→ **INSTRUCTIONS TO FOLLOW**: Among the lines below, the one containing "White Boho Flower" opens the range and the one containing "清乾隆 白玉寿老仙鹿摆件 高 27.2 cm." closes it. Print that range exactly, without the pictures.

→ **STORED DATA**:
┌──

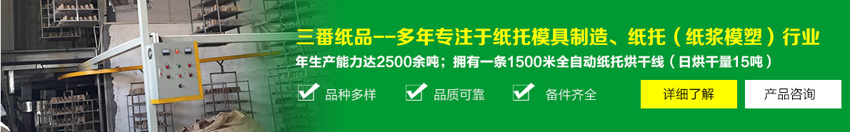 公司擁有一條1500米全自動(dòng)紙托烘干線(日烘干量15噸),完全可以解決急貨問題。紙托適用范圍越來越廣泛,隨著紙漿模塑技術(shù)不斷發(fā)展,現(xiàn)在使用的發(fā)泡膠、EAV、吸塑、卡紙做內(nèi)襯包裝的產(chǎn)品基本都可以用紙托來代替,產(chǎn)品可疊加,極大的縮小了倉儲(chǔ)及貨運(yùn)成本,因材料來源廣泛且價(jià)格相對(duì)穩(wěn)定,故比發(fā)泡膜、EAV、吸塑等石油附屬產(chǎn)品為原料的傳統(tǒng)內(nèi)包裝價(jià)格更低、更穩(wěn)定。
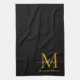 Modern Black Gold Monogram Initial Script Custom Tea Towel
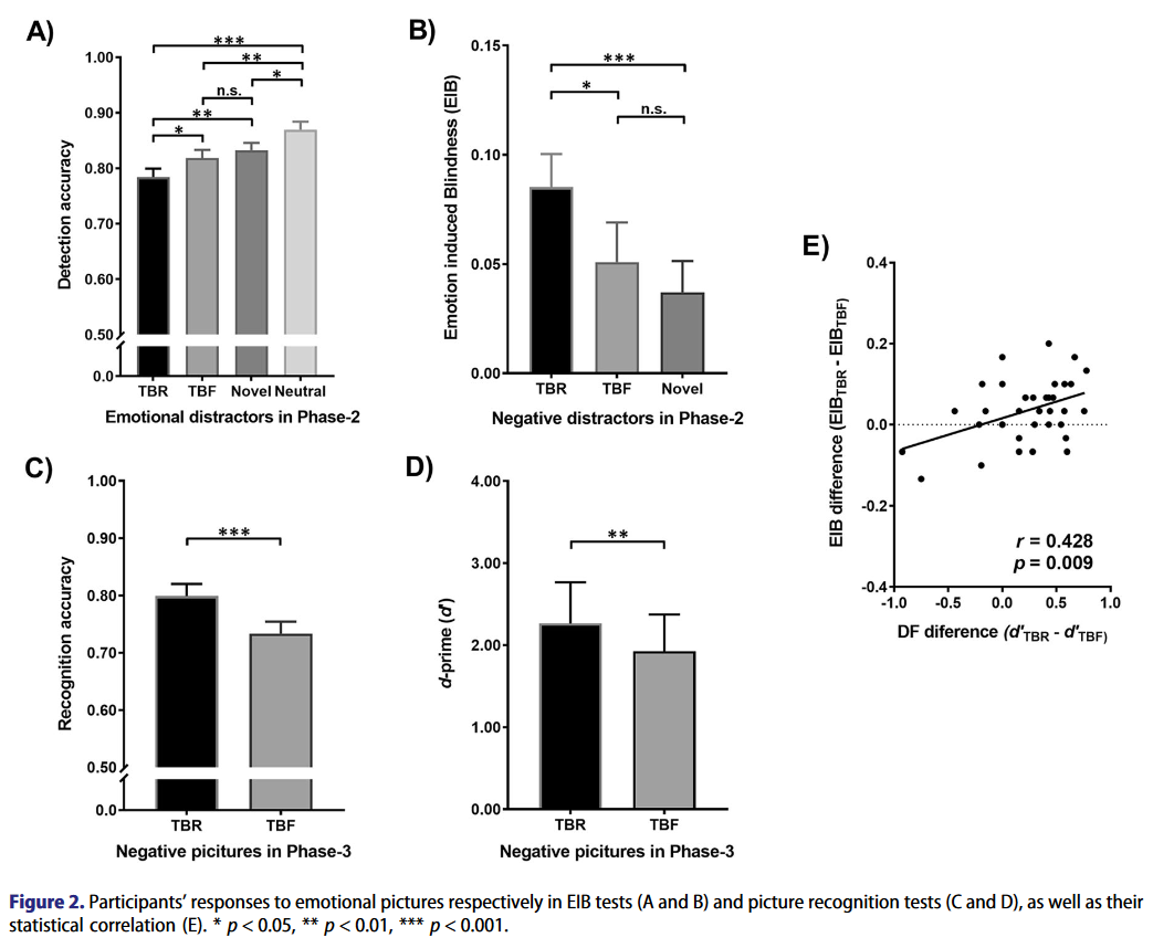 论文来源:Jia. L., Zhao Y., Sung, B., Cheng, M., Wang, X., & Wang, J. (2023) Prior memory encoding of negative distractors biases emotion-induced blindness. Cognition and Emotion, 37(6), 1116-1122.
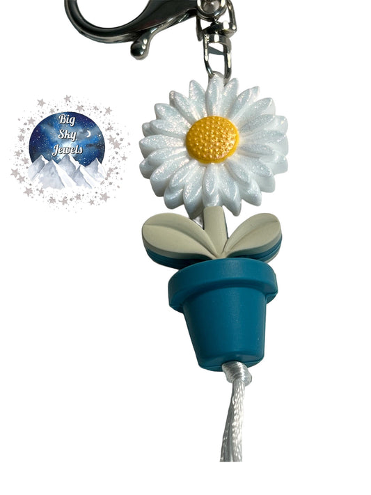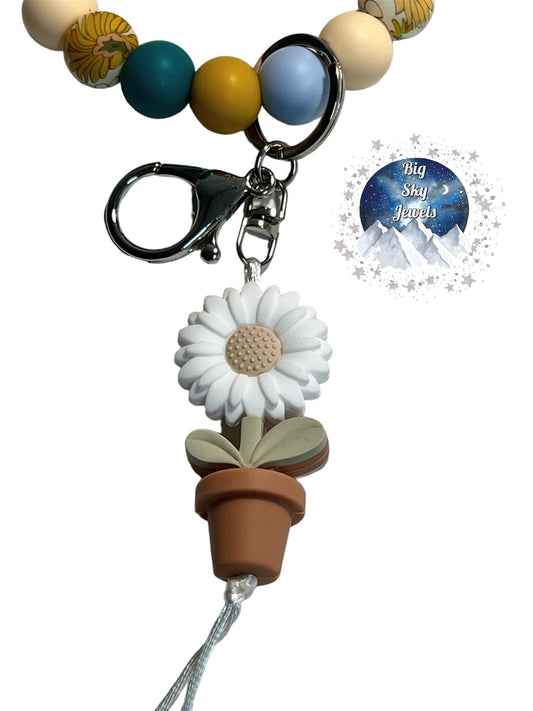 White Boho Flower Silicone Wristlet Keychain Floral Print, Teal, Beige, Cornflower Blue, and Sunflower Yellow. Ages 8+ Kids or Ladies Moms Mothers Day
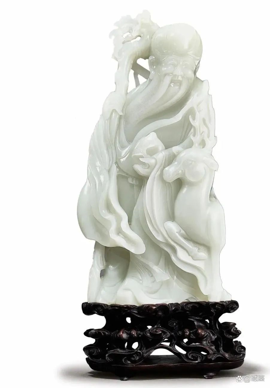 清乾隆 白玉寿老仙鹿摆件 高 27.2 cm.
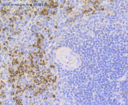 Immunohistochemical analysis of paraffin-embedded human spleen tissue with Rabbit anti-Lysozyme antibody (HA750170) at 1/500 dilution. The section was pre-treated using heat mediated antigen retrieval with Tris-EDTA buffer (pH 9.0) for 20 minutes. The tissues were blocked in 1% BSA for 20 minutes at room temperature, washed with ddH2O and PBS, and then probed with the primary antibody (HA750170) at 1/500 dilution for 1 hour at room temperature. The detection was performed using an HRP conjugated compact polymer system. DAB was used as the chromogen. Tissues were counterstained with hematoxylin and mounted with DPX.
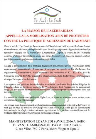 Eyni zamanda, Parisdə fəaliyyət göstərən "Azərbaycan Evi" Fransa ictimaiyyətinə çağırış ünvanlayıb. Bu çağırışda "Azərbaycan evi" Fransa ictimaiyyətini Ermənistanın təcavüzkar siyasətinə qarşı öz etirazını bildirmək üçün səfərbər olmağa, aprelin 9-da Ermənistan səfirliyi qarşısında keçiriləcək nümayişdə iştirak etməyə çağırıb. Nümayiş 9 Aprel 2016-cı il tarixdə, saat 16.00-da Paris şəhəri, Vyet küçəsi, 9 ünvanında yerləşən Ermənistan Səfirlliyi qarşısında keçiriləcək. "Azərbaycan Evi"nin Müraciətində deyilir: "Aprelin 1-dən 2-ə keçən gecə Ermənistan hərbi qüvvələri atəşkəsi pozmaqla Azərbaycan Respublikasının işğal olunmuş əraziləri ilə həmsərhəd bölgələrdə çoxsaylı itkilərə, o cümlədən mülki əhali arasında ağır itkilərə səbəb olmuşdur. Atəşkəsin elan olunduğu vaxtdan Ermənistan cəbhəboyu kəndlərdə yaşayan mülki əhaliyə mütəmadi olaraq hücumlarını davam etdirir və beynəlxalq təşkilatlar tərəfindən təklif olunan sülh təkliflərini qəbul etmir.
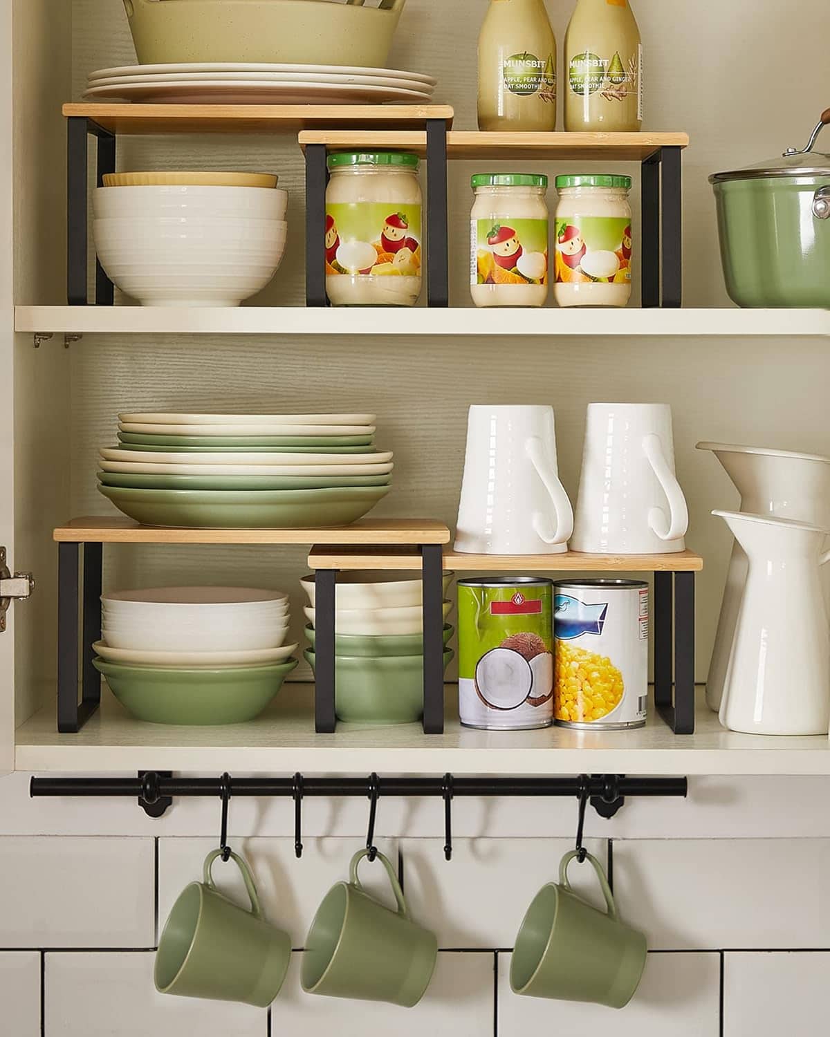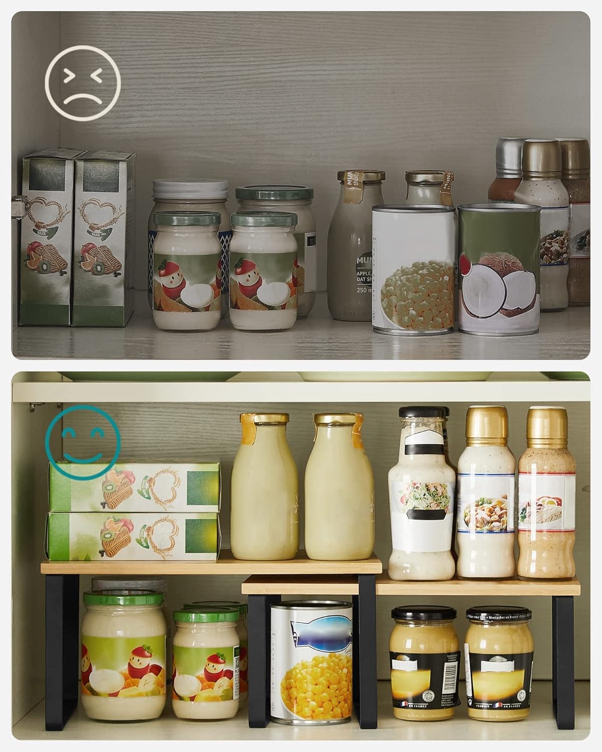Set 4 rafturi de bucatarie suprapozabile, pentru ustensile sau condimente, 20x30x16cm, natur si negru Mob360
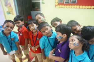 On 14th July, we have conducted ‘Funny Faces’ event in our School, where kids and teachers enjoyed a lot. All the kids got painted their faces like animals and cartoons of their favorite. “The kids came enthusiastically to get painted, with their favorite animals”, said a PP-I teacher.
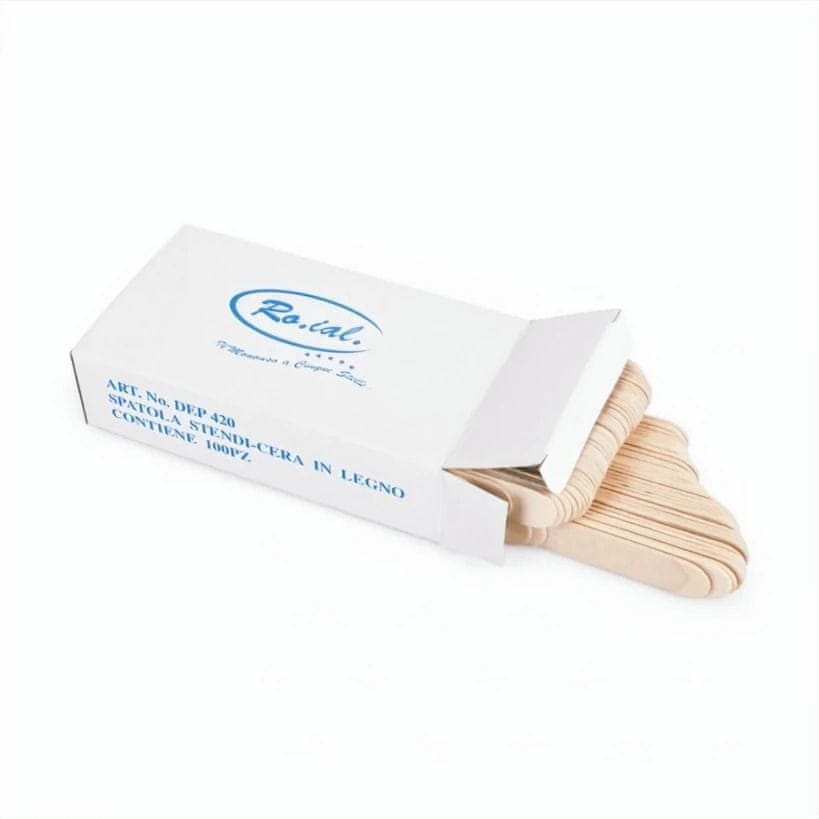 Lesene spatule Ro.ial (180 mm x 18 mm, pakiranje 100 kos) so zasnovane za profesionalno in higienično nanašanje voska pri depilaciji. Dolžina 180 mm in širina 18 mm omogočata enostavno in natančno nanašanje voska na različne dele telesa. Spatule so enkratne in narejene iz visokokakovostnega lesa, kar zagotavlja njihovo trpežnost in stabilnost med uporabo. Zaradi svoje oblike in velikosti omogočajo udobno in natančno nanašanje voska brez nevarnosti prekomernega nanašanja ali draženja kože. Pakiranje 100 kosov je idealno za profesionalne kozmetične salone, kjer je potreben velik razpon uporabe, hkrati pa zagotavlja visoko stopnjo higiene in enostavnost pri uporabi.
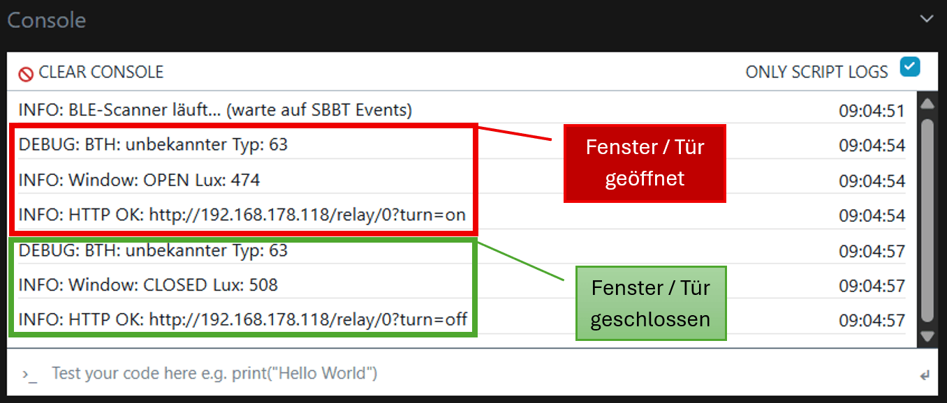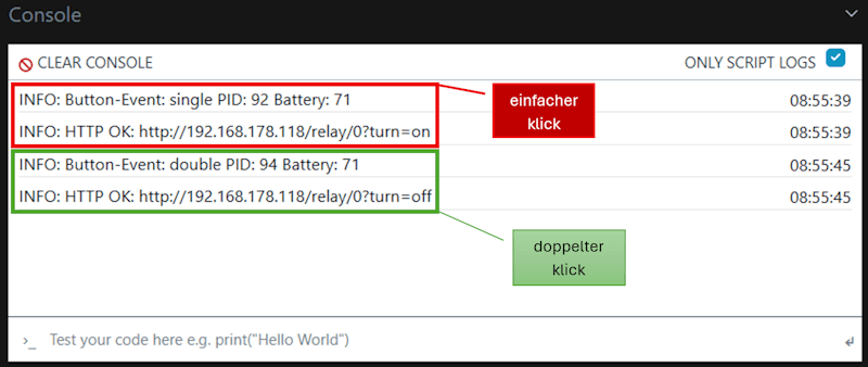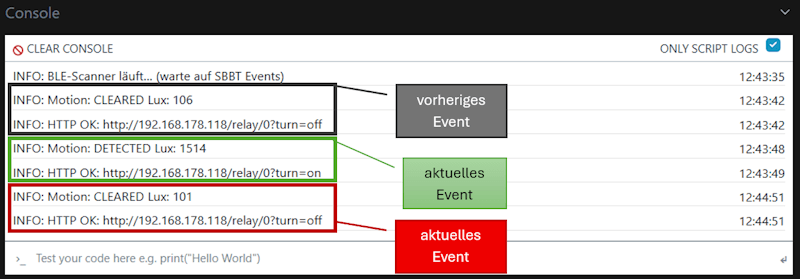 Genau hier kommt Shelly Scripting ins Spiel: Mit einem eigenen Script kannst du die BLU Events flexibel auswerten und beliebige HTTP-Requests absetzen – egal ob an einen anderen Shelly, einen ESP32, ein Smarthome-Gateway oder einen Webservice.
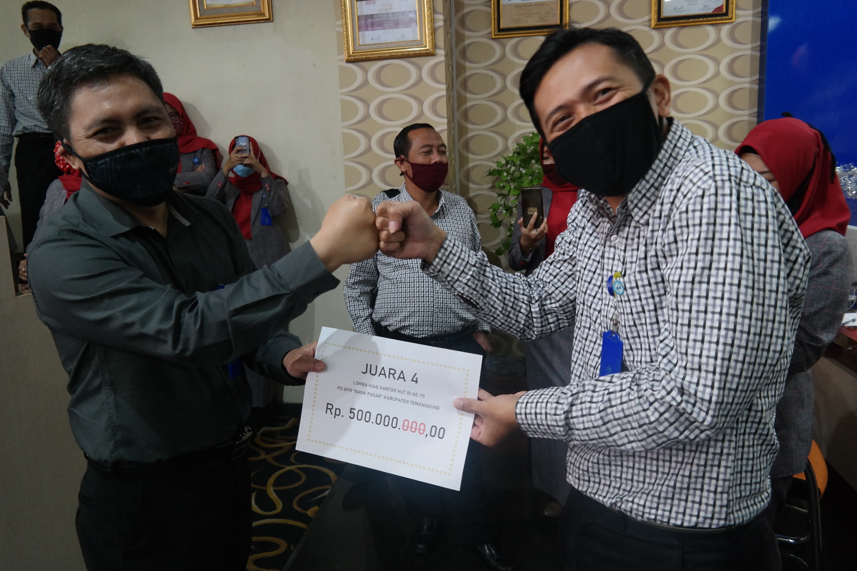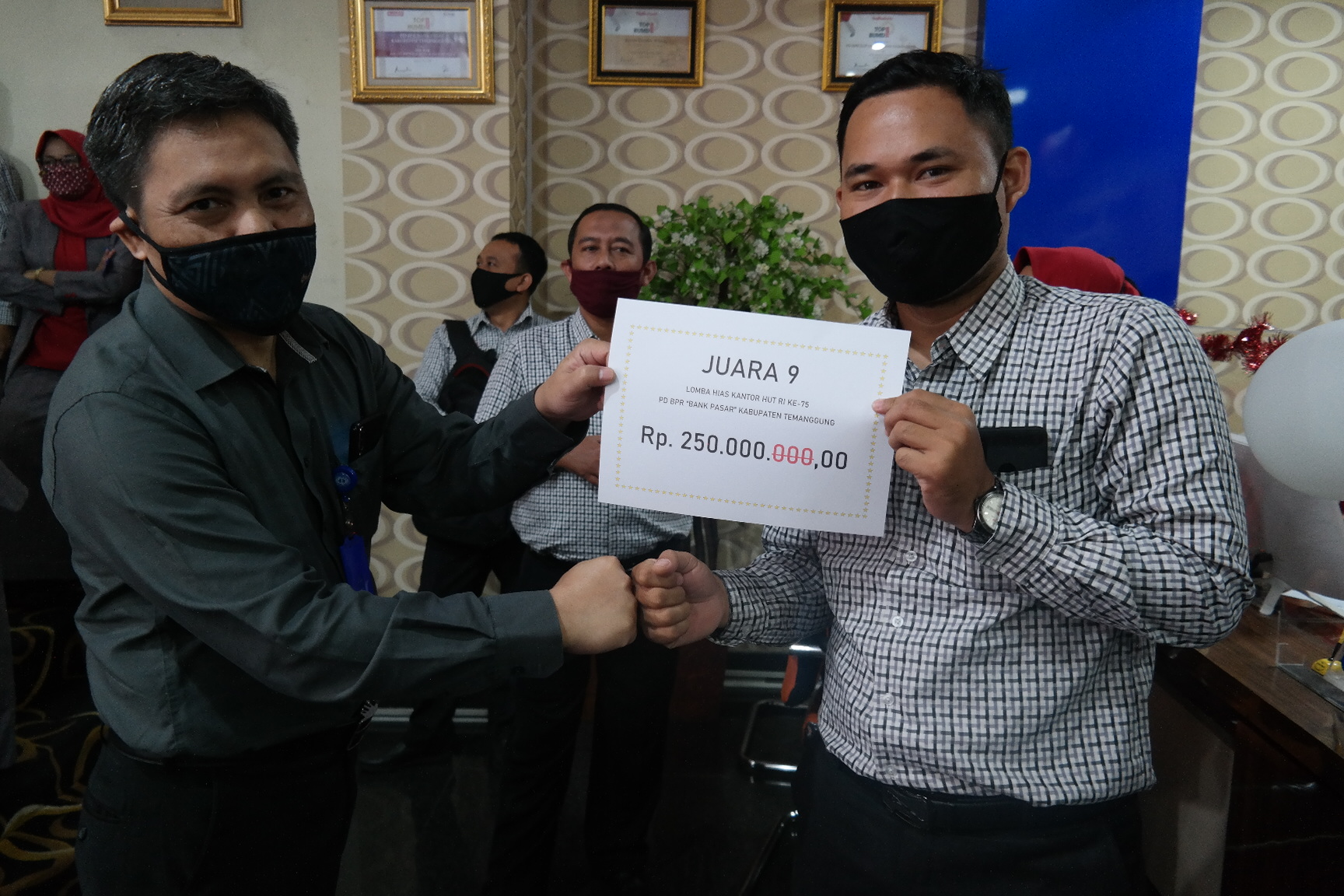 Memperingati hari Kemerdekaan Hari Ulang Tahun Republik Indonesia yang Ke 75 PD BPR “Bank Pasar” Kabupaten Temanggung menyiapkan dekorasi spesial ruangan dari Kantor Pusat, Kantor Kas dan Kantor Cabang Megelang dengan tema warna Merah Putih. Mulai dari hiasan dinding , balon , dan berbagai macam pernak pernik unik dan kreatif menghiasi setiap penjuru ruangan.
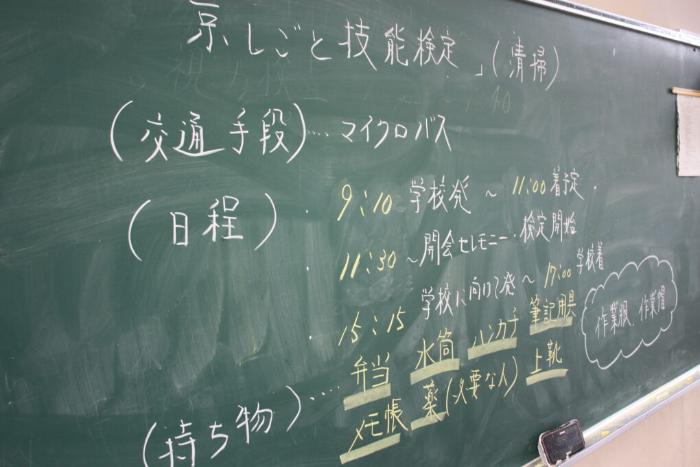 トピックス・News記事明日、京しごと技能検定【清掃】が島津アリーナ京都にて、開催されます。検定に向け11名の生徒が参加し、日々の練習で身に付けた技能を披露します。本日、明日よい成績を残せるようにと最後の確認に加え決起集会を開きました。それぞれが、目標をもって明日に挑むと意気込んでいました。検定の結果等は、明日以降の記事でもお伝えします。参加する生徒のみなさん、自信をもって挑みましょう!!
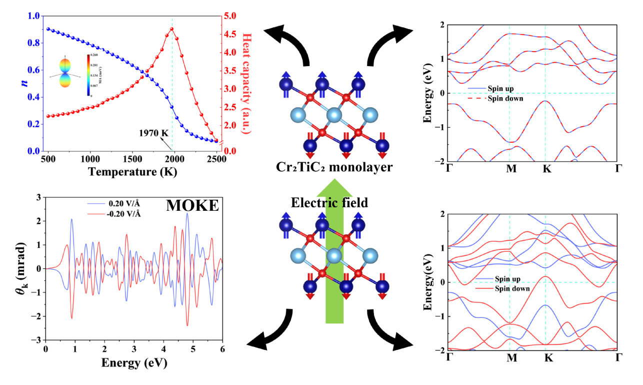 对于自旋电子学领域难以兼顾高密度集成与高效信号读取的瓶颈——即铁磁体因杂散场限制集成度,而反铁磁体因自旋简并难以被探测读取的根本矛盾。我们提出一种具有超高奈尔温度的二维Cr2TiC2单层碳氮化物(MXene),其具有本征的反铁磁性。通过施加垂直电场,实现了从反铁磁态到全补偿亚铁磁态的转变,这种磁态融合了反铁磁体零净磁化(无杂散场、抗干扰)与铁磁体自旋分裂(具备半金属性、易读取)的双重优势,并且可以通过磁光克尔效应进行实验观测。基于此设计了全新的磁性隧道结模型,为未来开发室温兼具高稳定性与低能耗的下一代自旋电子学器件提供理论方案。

└──

→ **SOLUTION BELOW**:
 White Boho Flower Silicone Wristlet Keychain Floral Print, Teal, Beige, Cornflower Blue, and Sunflower Yellow. Ages 8+ Kids or Ladies Moms Mothers Day
 清乾隆 白玉寿老仙鹿摆件 高 27.2 cm.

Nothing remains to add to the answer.